Diabetes-induced metabolism disturbances

Preclinical studies.

To test the hypothesis that increased fatty acid oxidation in the diabetic heart leads to an increased risk of lipotoxicity and diabetic cardiomyopathy, hearts from rats with T2DM were infused ex vivo with the CD36 inhibitor sulfo-N-succinimidyl oleate (SSO) before inducing hypoxia, which resulted in a 29% reduction in the rate of fatty acid oxidation and a 48% reduction in triglyceride concentration compared with no treatment, restoring fatty acid metabolism to control levels following hypoxia–reoxygenation²⁶⁴. SSO-infusion into diabetic rat hearts ex vivo before hypoxia also prevented cardiac dysfunction²⁶⁴. This novel therapeutic approach not only reduced fatty acid oxidation but also lipotoxicity by targeting the primary step in the fatty acid metabolism pathway.

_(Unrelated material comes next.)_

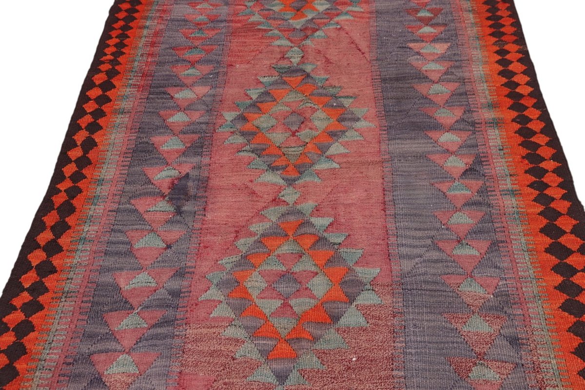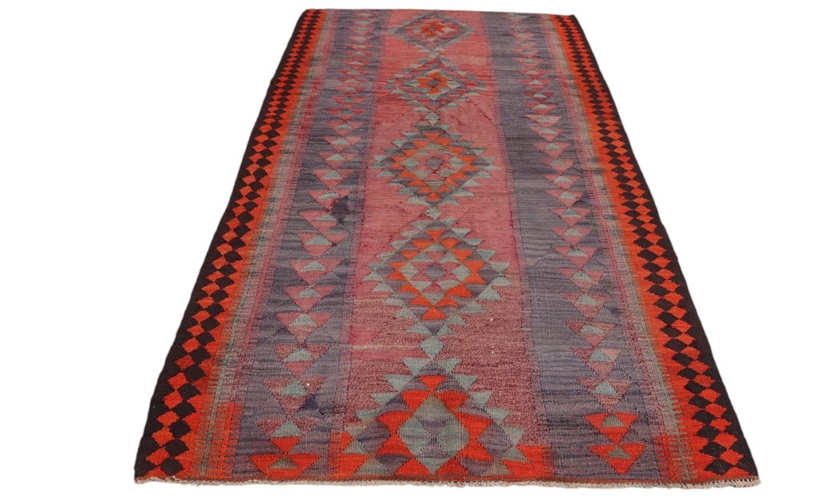 Kelim-Teppiche sind grundsätzlich flach gewebt und relativ leicht im Gewicht. Daher können sie auch effektvoll als Wanddekoration oder Bettüberwurf eingesetzt werden. Die charakteristische Kelim-Webtechnik mit Kette und farbigem Schussmaterial eignet sich hervorragend für zeitlose geometrische Muster und Abstraktionen aus Fauna und Flora. Auch bei modernen Kelim-Designs sind die Entwürfe häufig von traditioneller Symbolik inspiriert, wodurch der Kelim-Teppich seinen gefragten ethnischen Charme bewahrt.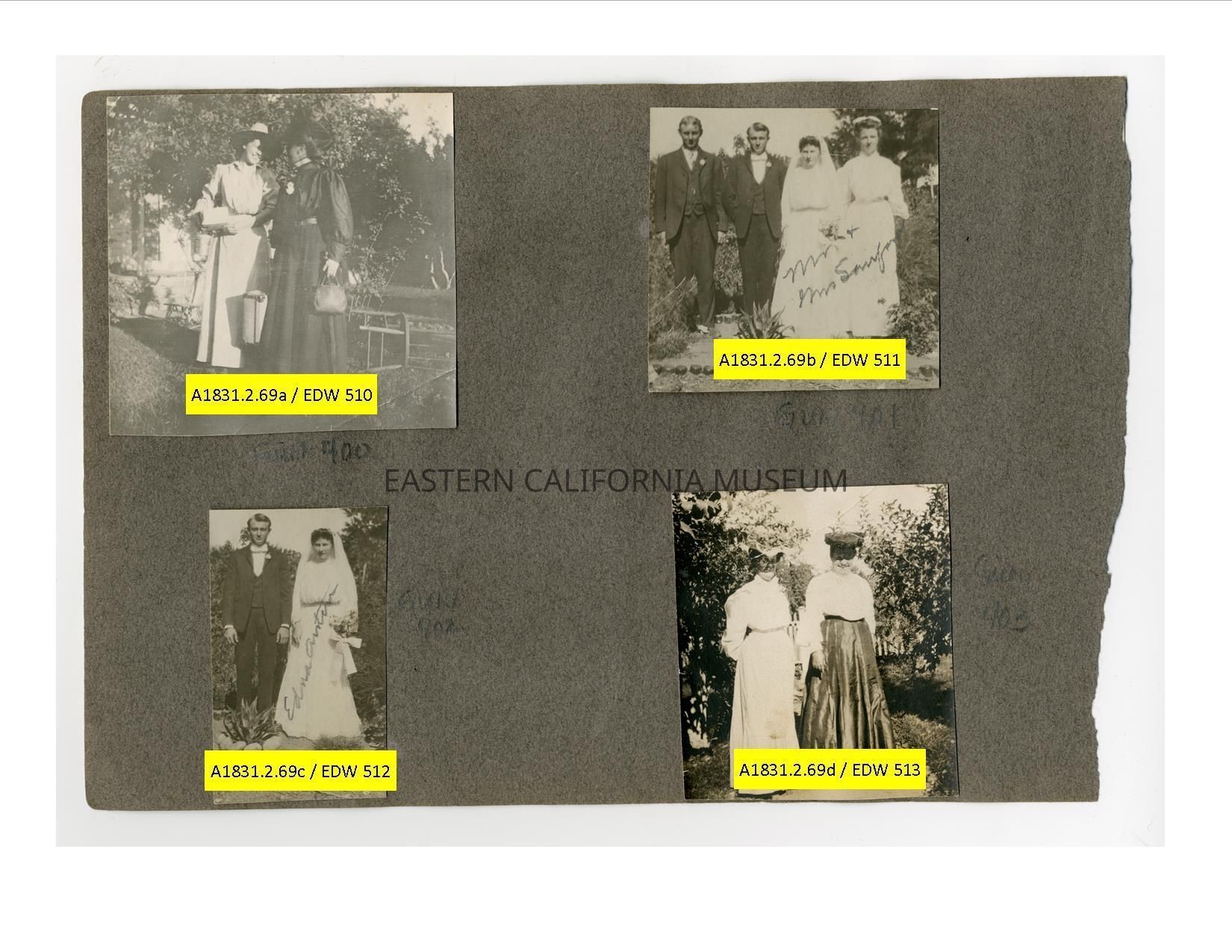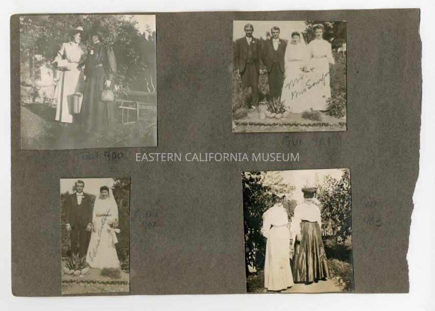 A1831.2.69b: Exterior photo of a wedding party consisting of two men and two women (one is wearing a veil). They are identified as Mr. and Mrs. Sanford. The bride was Edna Anton, the groom was Frank Lee Sanford, and they were married at the home of M. Anton in Independence on September 10, 1906. The bridesmaid was Mary Albers and the groomsman was Clarence Anton (the bride's brother).

In addition to strategies targeting fatty acid oxidation to treat diabetic cardiomyopathy, insulin sensitizers that increase glucose oxidation and decrease lipid metabolism have also been assessed in preclinical models. GLP1 is derived from the tissue-specific, post-translational processing of the proglucagon peptide²⁶⁵. Like glucose-dependent insulinotropic peptide, GLP1 is an incretin that can reduce blood glucose levels in a glucose-dependent manner by increasing insulin secretion²⁶⁵. Incretin-based therapies, such as GLP1 receptor agonists and DPP4 inhibitors, are potent glucose-lowering drugs. The GLP1 analogue liraglutide protected against the development of diabetic cardiomyopathy in a rat model of STZ-induced T1DM by inhibiting the ER stress pathway²⁶⁶. Similarly, the GLP1 analogue exendin 4 and the DPP4 inhibitor saxagliptin prevented the development of diabetic cardiomyopathy via the amelioration of lipotoxicity in a mouse model of T2DM²⁶⁷. The DPP4 inhibitor sitagliptin reduced blood glucose levels, increased GLP1 levels and prevented T2DM-induced diabetic cardiomyopathy in mice by shifting the energy substrate utilization in the heart from fatty acids towards glucose^159,268.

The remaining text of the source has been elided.